MATERIAL PROVIDED below:

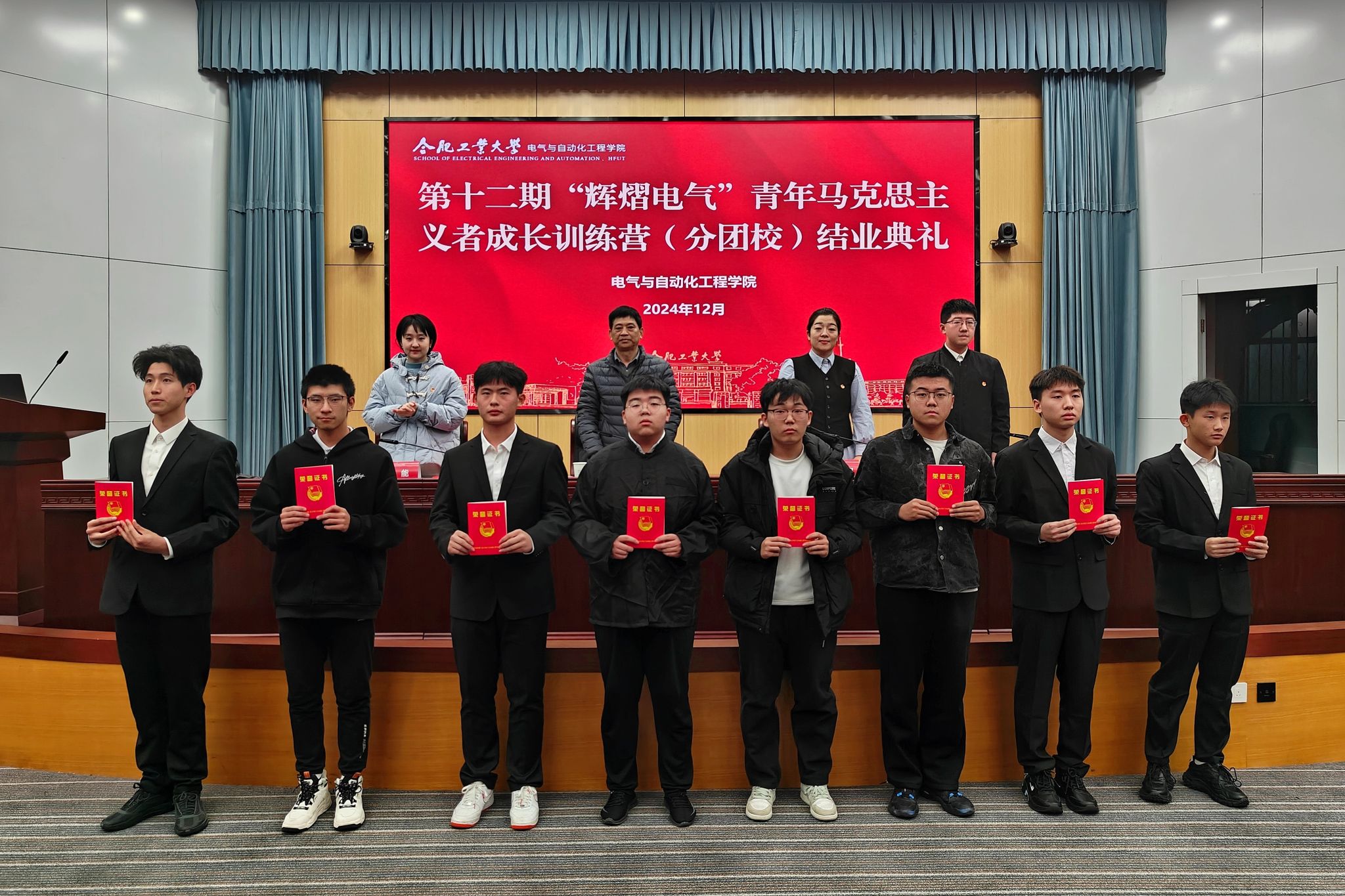 典礼在全体成员庄严肃立、引吭齐唱团歌中拉开帷幕。左能宣读了《关于同意m88官网第十二期“辉熠电气”青年马克思主义者成长训练营(分团校)学员结业的决定》,刘开阳宣读了《关于m88官网第十二期“辉熠电气”青年马克思主义者成长训练营(分团校)优秀学员表彰的决定》。本期训练营共计80名学员顺利结业,张育硕等16名同学获评“优秀学员”荣誉称号,与会领导老师为优秀学员颁奖并合影留念。2024级电气工程及其自动化专业腾赫同学作为学员代表发言,分享了团校培训中的收获与感悟,表达了在实现中华民族伟大复兴征程中书写青春华章的决心。施大顺在总结中肯定了本期分团校培训取得的效果,勉励全体学员继续加强学习,以科学理论武装自身,保持优良品格,以使命担当感召自身,树立理想信念,以坚定信仰鼓舞自身,用实际行动践行青年学子责任,勇担时代赋予青年的使命。
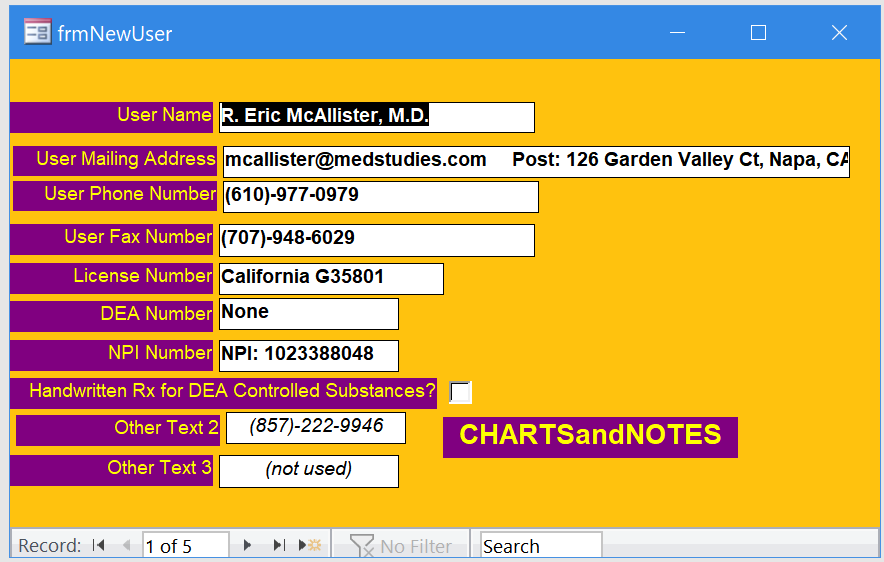 Once you have found the correct address and clicked on the “Open the E.M.R.” button, the following form (“frmUserData“) will appear:
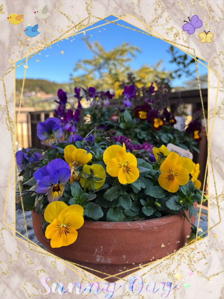 青空に映えるビオラさんたちですね💕
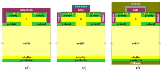 A feasible fabrication procedure of the new SiC IGBT is proposed with a set of established process steps in conventional planar gate SiC IGBT [12,41,42,43]. The proposed fabrication flow is illustrated in Figure 10. The fabrication starts with a SiC substrate with epitaxial n-drift layer. On the n-drift layer, the more heavily doped n-layer can be formed by epitaxial growth or ion implantation. Then p-shield regions are formed by ion implantations. All the implantation should be followed by high-temperature annealing in argon gas. Then, an n-type SiC layer is regrown [42,43], following which, the p-body regions and n+ regions are formed by ion implantations. Then, the trenches are created by dry etching, followed by gate oxide growth or deposition. Post-oxidation annealing is required to obtain a high-quality oxide/SiC interface. A polysilicon layer is then deposited. The planar-gate region is masked, and the polysilicon is etched back; the planar gate of the proposed IGBT and the trench gate of the embedded p-MOSFET are formed simultaneously in this step. The polysilicon and gate oxide can be etched with ICP (inductively coupled plasma etching) or RIE (reactive-ion etching), followed by high-temperature annealing. Then, dielectric isolation and metallization for contacts are carried out.
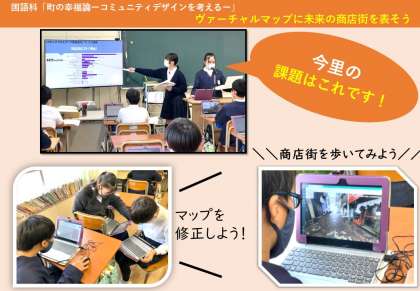 AR機能を活用して、ヴァーチャルマップを作成し、ヴァーチャルの世界において児童が提案した未来の商店街を表現しました。児童が考えたユーモアがあり、アイデアたっぷりのマップで、10年後の未来の姿がイメージできました。

End of MATERIAL PROVIDED.

PROBLEM DETAILS. Return all entries preceding this task exactly as they stand, leaving any picture out.

OUTPUT FOR THIS EXERCISE.
 典礼在全体成员庄严肃立、引吭齐唱团歌中拉开帷幕。左能宣读了《关于同意m88官网第十二期“辉熠电气”青年马克思主义者成长训练营(分团校)学员结业的决定》,刘开阳宣读了《关于m88官网第十二期“辉熠电气”青年马克思主义者成长训练营(分团校)优秀学员表彰的决定》。本期训练营共计80名学员顺利结业,张育硕等16名同学获评“优秀学员”荣誉称号,与会领导老师为优秀学员颁奖并合影留念。2024级电气工程及其自动化专业腾赫同学作为学员代表发言,分享了团校培训中的收获与感悟,表达了在实现中华民族伟大复兴征程中书写青春华章的决心。施大顺在总结中肯定了本期分团校培训取得的效果,勉励全体学员继续加强学习,以科学理论武装自身,保持优良品格,以使命担当感召自身,树立理想信念,以坚定信仰鼓舞自身,用实际行动践行青年学子责任,勇担时代赋予青年的使命。
 Once you have found the correct address and clicked on the “Open the E.M.R.” button, the following form (“frmUserData“) will appear:
 青空に映えるビオラさんたちですね💕
 A feasible fabrication procedure of the new SiC IGBT is proposed with a set of established process steps in conventional planar gate SiC IGBT [12,41,42,43]. The proposed fabrication flow is illustrated in Figure 10. The fabrication starts with a SiC substrate with epitaxial n-drift layer. On the n-drift layer, the more heavily doped n-layer can be formed by epitaxial growth or ion implantation. Then p-shield regions are formed by ion implantations. All the implantation should be followed by high-temperature annealing in argon gas. Then, an n-type SiC layer is regrown [42,43], following which, the p-body regions and n+ regions are formed by ion implantations. Then, the trenches are created by dry etching, followed by gate oxide growth or deposition. Post-oxidation annealing is required to obtain a high-quality oxide/SiC interface. A polysilicon layer is then deposited. The planar-gate region is masked, and the polysilicon is etched back; the planar gate of the proposed IGBT and the trench gate of the embedded p-MOSFET are formed simultaneously in this step. The polysilicon and gate oxide can be etched with ICP (inductively coupled plasma etching) or RIE (reactive-ion etching), followed by high-temperature annealing. Then, dielectric isolation and metallization for contacts are carried out.
 AR機能を活用して、ヴァーチャルマップを作成し、ヴァーチャルの世界において児童が提案した未来の商店街を表現しました。児童が考えたユーモアがあり、アイデアたっぷりのマップで、10年後の未来の姿がイメージできました。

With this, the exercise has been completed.